The timing is rotten for Ashley because Manager Tom Lasorda summoned Hollandsworth earlier in the day to express his disappointment in his play. The rookie is batting only .182 with one extra-base hit, but more puzzling, has committed a rash of mental blunders. He forgot how many outs there were in Chicago and then was caught stealing in the third inning Friday when the Dodgers were trying to sacrifice, snuffing a rally.

"We've been talking about a lot of things, and that's one of them," Lasorda said, when asked if Hollandsworth would be benched. "He's struggling right now, that's for sure."

Said Hollandsworth, who is now expected to receive a reprieve with Ashley's status in doubt: "I've just got to start relaxing. Once I get relaxed, I'll get locked in, but that's not happening right now. I need to be patient.

"There's no doubt in my mind I can do it. I just need to relax and build my confidence back up."


Second baseman Delino DeShields moved into a tie for the league lead with his third triple of the season in the third inning. He also has stolen seven bases without being caught, ranking second behind Brian McRae of the Chicago Cubs.

How much would it mean to DeShields to win the stolen-base title?

"It's nothing I'm shooting for," he said, "but if it comes, fine. I'd much rather be in a World Series or All-Star game.

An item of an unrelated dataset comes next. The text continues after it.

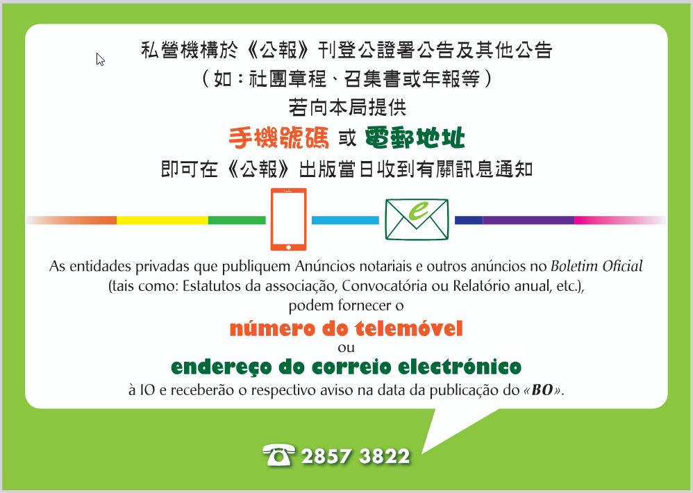 Direcção dos Serviços de Assuntos Marítimos e de Água - Aviso sobre a indicação como local provisório para a realização de operações de comércio externo a ponte-cais provisória para a Empreitada de concepção e construção do segmento sul da Linha Leste do Metro Ligeiro, destinada à Empreitada de concepção e construção do segmento sul da Linha Leste do Metro Ligeiro. |

"The thing is, I see guys running all the time when they shouldn't be running. When you're up by three or four runs, that's not a quality bag.

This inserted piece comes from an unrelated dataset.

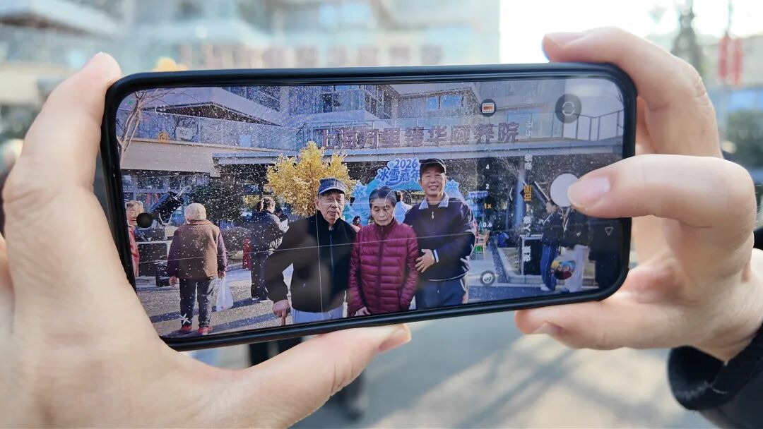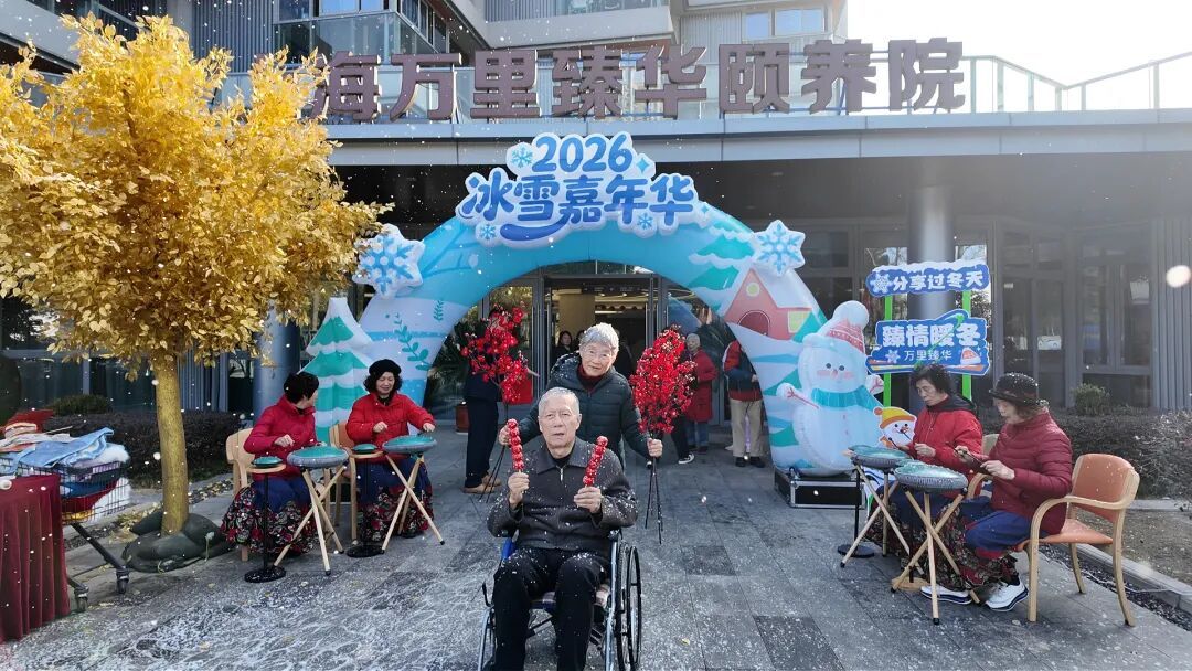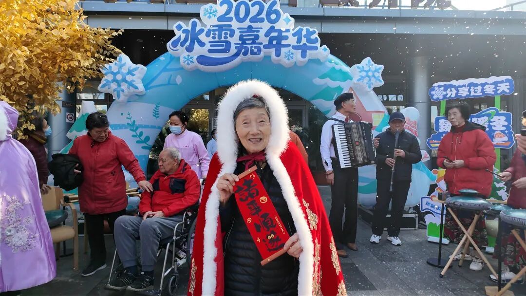 这个冬天,在普陀区中环集团旗下的万里臻华颐养院里,老人们见证了一场奇妙的“太阳雪”。1月16日上午,院前广场被精心布置成了一个小小雪乡,两台造雪机吹出的白色“雪粒”纷纷扬扬地落下。老人们裹着厚实暖和的斗篷,手里拿着腊梅花、糖葫芦、油纸伞等道具,围聚在这场特意为他们打造的冬日奇景中拍照、谈笑。浓浓的年味,似乎比日历更早地抵达了这里。 86岁的谢伯伯和老伴早早便下楼“取号”,排队等待拍照:“上海平时难得下雪,这些装置恰好弥补了冬季缺少的那份冰雪氛围。” 谢伯伯和老伴年轻时热爱山水,唯独北方没有去过,如今年事已高,冰雪风光便成了心中的一桩遗憾。“哈尔滨那些地方,一直想去没去成。今天这个虽然是人造的,但看着也很开心。要是有朝一日能享受到天然的雪景,那就更心满意足了。” 谢伯伯话语里那份未竟的向往,藏着许多南方老人对冰雪的憧憬。而这小小的“人造雪景”,正努力为他们的遗憾做一些小小的弥补。不少老人伸出手,轻轻接住飘落的“雪花”,笑得像个孩子。谈起儿时记忆里的雪,曹阿婆的感受截然不同:“我们小时候在乡下,一到下雪天就特别冷,又没有暖和的衣服穿,积雪厚得不得了,都到膝盖那么深。”对比现在,“暖洋洋”的雪一点都不冷,“多漂亮呀,不能比的。” 工作人员忙前忙后,给老人们拍照。长廊上,火红的窗花、苍劲的福字、挂满祝福的红包墙,早已将空间装点得喜庆十足。这场热热闹闹的“人造雪景”和日渐浓郁的年味,或许比不上北方真正的漫天大雪,却让这个原本平常的上午,变得格外有意义。 从记忆深处“冰冰冷”的艰苦岁月,到眼前“暖洋洋”的浪漫造景,这场特意准备的“太阳雪”,下进了老人们的心里,化作他们脸上最真挚的笑容。曹阿婆反复念叨着:“他们(养老院)是真心为我们老年人着想,我感觉心里很温暖、很幸福。”

"But no matter who wins it, I know I'm one of the best base-stealers in the league."


Brett Butler, 38, is one of only 10 other players this century to have opened the season in center field at the age of 38 or older.

Only twice in history has a club won a pennant with a center fielder at least that old--Dummy Hoy for the 1901 Chicago White Sox and Doc Cramer of the 1945 Detroit Tigers.

"That's kind of scary, isn't it?" Butler cracked. "It's a good thing Fred [Claire, executive vice president] didn't know that when he signed me."